▶ **Task brief**:
If a record below holds a picture, leave the picture out and copy the rest exactly.

▶ **Records supplied**:
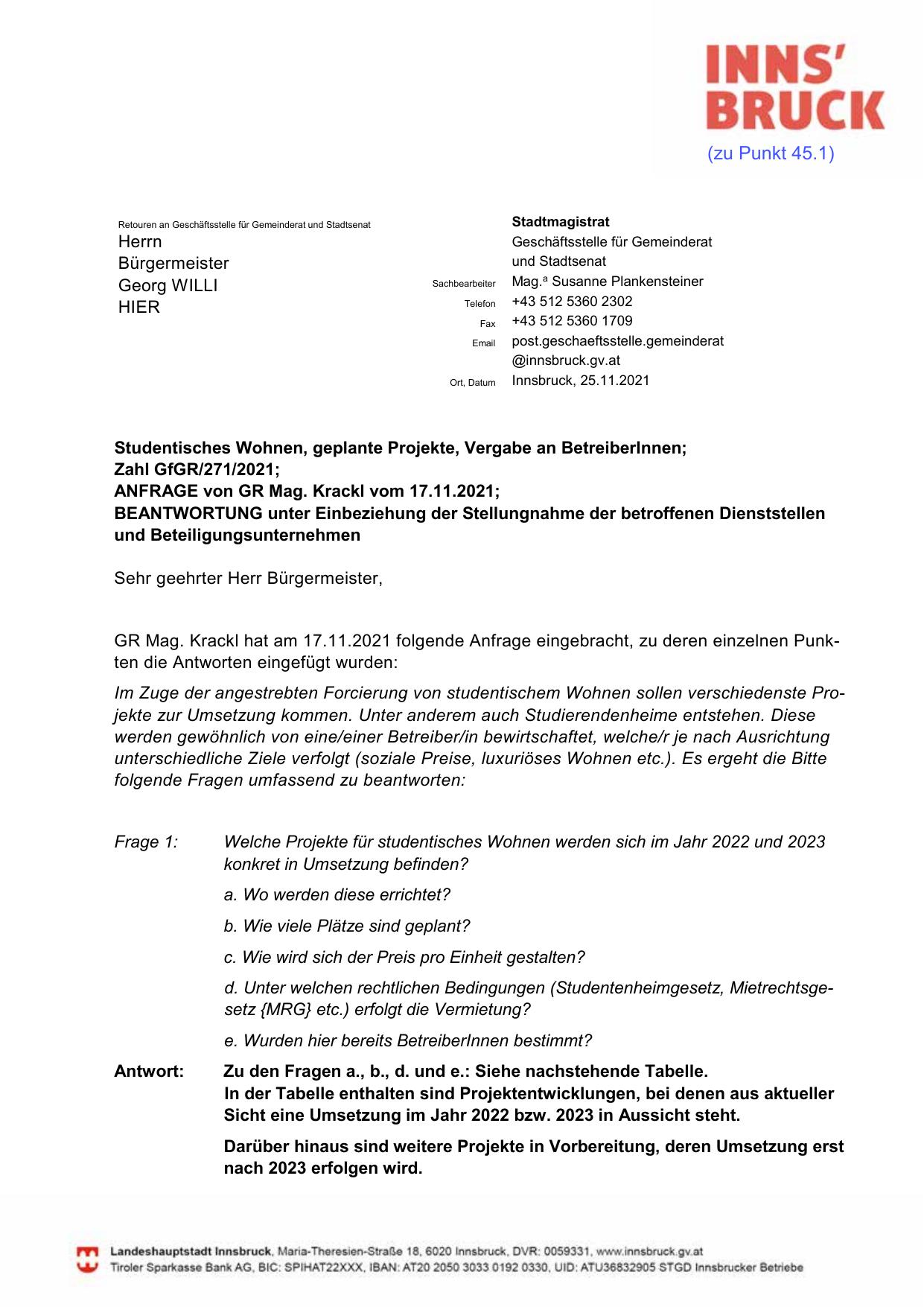 GR Mag. K rackl hat am 17.11.2021 folgende Anfrage eingebracht, zu deren einzelnen Punkten die Antworten eingefügt wurden:
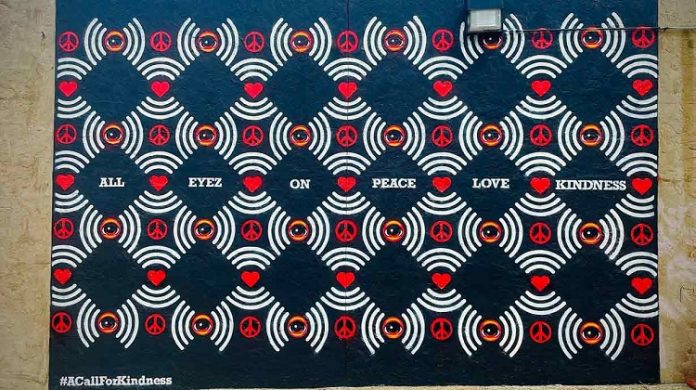 “I am known for my signature @EYEZ and use them to make a connection to the people who find them on the streets,” said Peat Wolleager, the artist who painted the mural. “I’m excited to be selected to represent Saint Louis for #ACallForKindness with my mural in the Delmar Loop! If you look closely in my eye there’s actually a hidden smiley face that represents kindness. This mural is an Augmented Reality mural that animates when you scan it with the Artivive App and is my first AR mural in Saint Louis.”
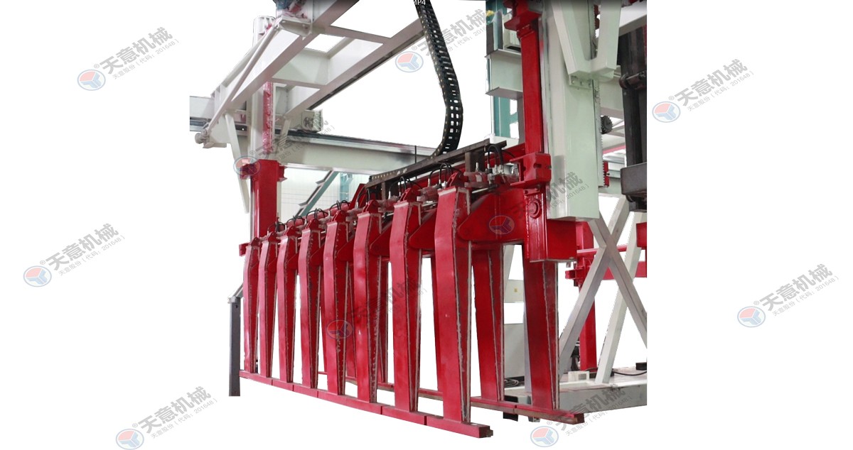 成品分垛吊機(jī):將蒸養(yǎng)車上的一模坯體吊運(yùn)至掰板輸送機(jī)上,然后將空側(cè)板吊運(yùn)至蒸養(yǎng)車上;切割工段空翻脫模機(jī)將??蚍D(zhuǎn)90°,放在切割小車支座上進(jìn)行脫模,脫模后的??蚺c清理后的側(cè)模板進(jìn)行合模,合膜后的空??虮坏?..
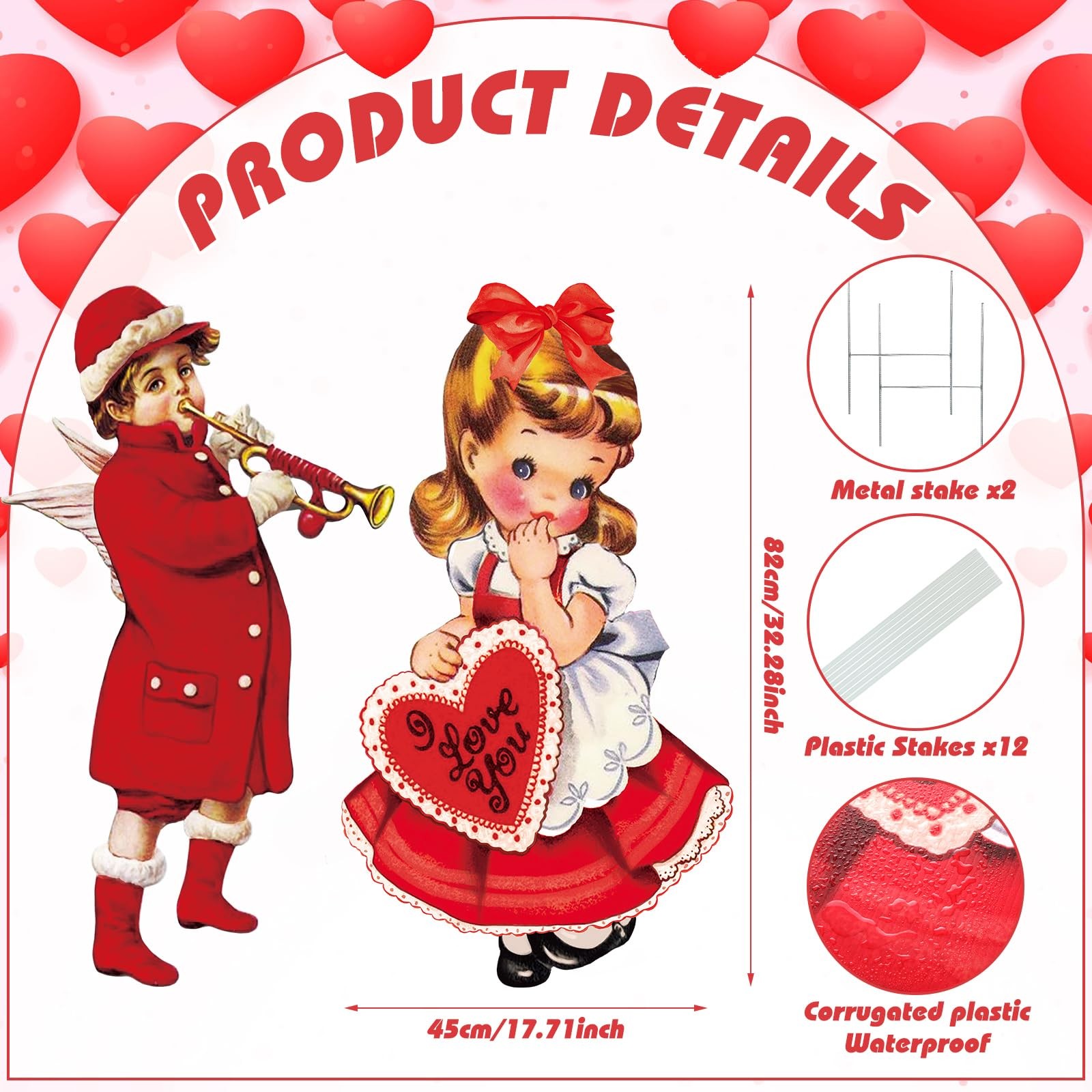 2 Pcs Valentine's Day Yard Signs Valentines Day Outdoor Decorations with Stak...
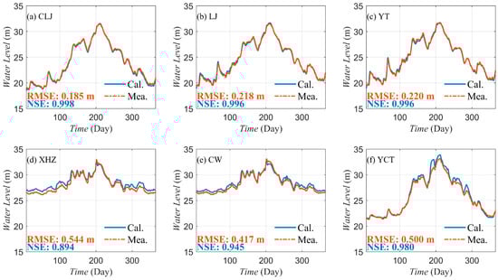 where n represents the number of time series data points; and denote the simulated and observed values, respectively; and indicates the mean value of the observed variable. The NSE ranges from 0 to 1, where 1 indicates perfect agreement between simulated and observed values, and 0 reflects complete disagreement. Figure 3 presents a comparison between calculated and observed water levels for Case 3 at six representative stations (CLJ, LJ, YT, XHZ, CW, and YCT). The simulated and observed water levels, which range approximately between 20 and 30 m at the selected stations, are consistent with the local gauge datums in 2012. At the majority of stations, the simulated values closely reproduce the observed trends, with NSE coefficients of 0.998, 0.996, 0.996, 0.894, 0.945, and 0.980, respectively. Additionally, the values of RMSE for the stations are as follows: CLJ = 0.185 m, LJ = 0.218 m, YT = 0.220 m, XHZ = 0.544 m, CW = 0.417 m, and YCT = 0.500 m. These NSE and RMSE values indicate the precision of the model in reproducing observed water levels, with smaller RMSE indicating better model performance. The relatively lower NSE and Higher RMSE at XHZ, corresponding to an approximate 10% error, can be attributed to local hydrological complexities. In particular, water levels at XHZ are heavily affected by inflows from the Songzi River. Discrepancies at this station arise because the model did not incorporate the complex river network of the Three Inlets channels, or inputs from smaller tributaries. Nevertheless, the simulation results are satisfactory, especially as the simulated and observed values along the YT–LJ–QLS transect in the EDL exhibit near-perfect agreement, demonstrating the model’s reliability.
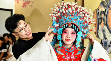 8月11日,大学生志愿者和村民一起在葛家村的艺术庭院内制作当地传统美食。
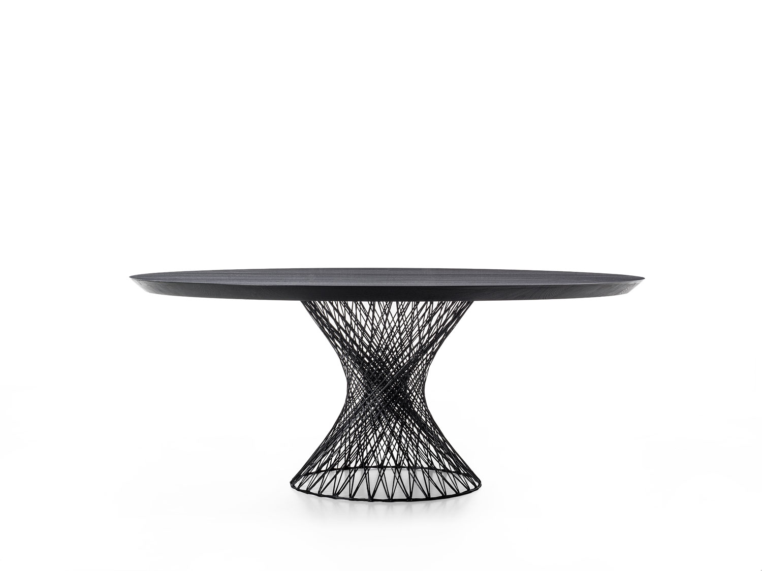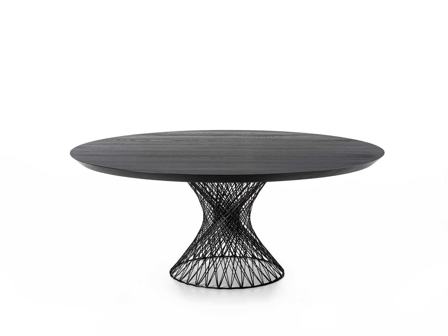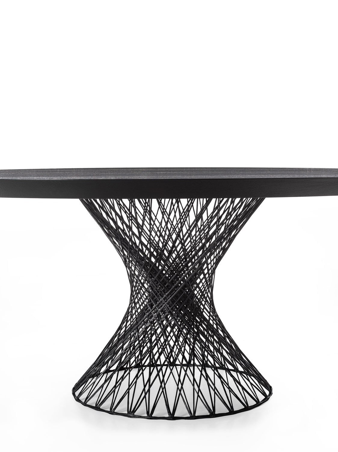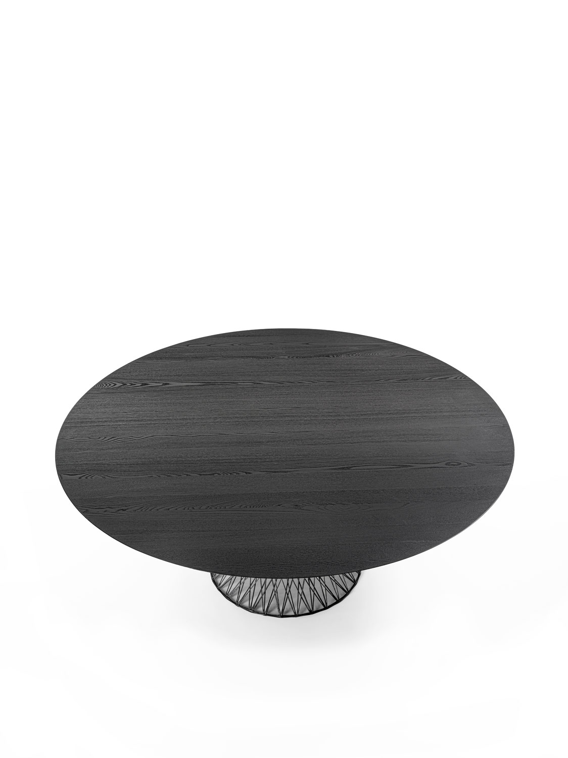 这款圆桌的桌面采用拼接实木打造,搭配编织碳纤维底座支撑。尽管碳纤维材质轻盈,但其底座结构却具备高度承重力,可稳固支撑实木桌面。
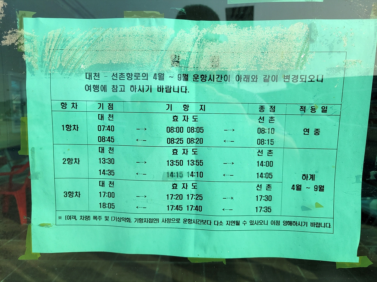선촌항에는 공중 화장실도 있고 여객터미널 대합실도 있다. 미리 검색한 대로 선촌항에서 출발하는 배는 8시 15분이다. 대천항에 주차하고 출발해서 선촌항에서 오후 5시 반 배를 타도 되지만 혹시라도 막배를 놓칠 수 있다고 생각하면 자전거 타는 내내 마음이 조급해지니 미리 배를 먼저 타고 편안하게 달리는 게 속 편한 방법이다.

▶ **Solution**:
 GR Mag. K rackl hat am 17.11.2021 folgende Anfrage eingebracht, zu deren einzelnen Punkten die Antworten eingefügt wurden:
 “I am known for my signature @EYEZ and use them to make a connection to the people who find them on the streets,” said Peat Wolleager, the artist who painted the mural. “I’m excited to be selected to represent Saint Louis for #ACallForKindness with my mural in the Delmar Loop! If you look closely in my eye there’s actually a hidden smiley face that represents kindness. This mural is an Augmented Reality mural that animates when you scan it with the Artivive App and is my first AR mural in Saint Louis.”
 成品分垛吊機(jī):將蒸養(yǎng)車上的一模坯體吊運(yùn)至掰板輸送機(jī)上,然后將空側(cè)板吊運(yùn)至蒸養(yǎng)車上;切割工段空翻脫模機(jī)將??蚍D(zhuǎn)90°,放在切割小車支座上進(jìn)行脫模,脫模后的??蚺c清理后的側(cè)模板進(jìn)行合模,合膜后的空??虮坏?..
 2 Pcs Valentine's Day Yard Signs Valentines Day Outdoor Decorations with Stak...
 where n represents the number of time series data points; and denote the simulated and observed values, respectively; and indicates the mean value of the observed variable. The NSE ranges from 0 to 1, where 1 indicates perfect agreement between simulated and observed values, and 0 reflects complete disagreement. Figure 3 presents a comparison between calculated and observed water levels for Case 3 at six representative stations (CLJ, LJ, YT, XHZ, CW, and YCT). The simulated and observed water levels, which range approximately between 20 and 30 m at the selected stations, are consistent with the local gauge datums in 2012. At the majority of stations, the simulated values closely reproduce the observed trends, with NSE coefficients of 0.998, 0.996, 0.996, 0.894, 0.945, and 0.980, respectively. Additionally, the values of RMSE for the stations are as follows: CLJ = 0.185 m, LJ = 0.218 m, YT = 0.220 m, XHZ = 0.544 m, CW = 0.417 m, and YCT = 0.500 m. These NSE and RMSE values indicate the precision of the model in reproducing observed water levels, with smaller RMSE indicating better model performance. The relatively lower NSE and Higher RMSE at XHZ, corresponding to an approximate 10% error, can be attributed to local hydrological complexities. In particular, water levels at XHZ are heavily affected by inflows from the Songzi River. Discrepancies at this station arise because the model did not incorporate the complex river network of the Three Inlets channels, or inputs from smaller tributaries. Nevertheless, the simulation results are satisfactory, especially as the simulated and observed values along the YT–LJ–QLS transect in the EDL exhibit near-perfect agreement, demonstrating the model’s reliability.
 8月11日,大学生志愿者和村民一起在葛家村的艺术庭院内制作当地传统美食。
 这款圆桌的桌面采用拼接实木打造,搭配编织碳纤维底座支撑。尽管碳纤维材质轻盈,但其底座结构却具备高度承重力,可稳固支撑实木桌面。
선촌항에는 공중 화장실도 있고 여객터미널 대합실도 있다. 미리 검색한 대로 선촌항에서 출발하는 배는 8시 15분이다. 대천항에 주차하고 출발해서 선촌항에서 오후 5시 반 배를 타도 되지만 혹시라도 막배를 놓칠 수 있다고 생각하면 자전거 타는 내내 마음이 조급해지니 미리 배를 먼저 타고 편안하게 달리는 게 속 편한 방법이다.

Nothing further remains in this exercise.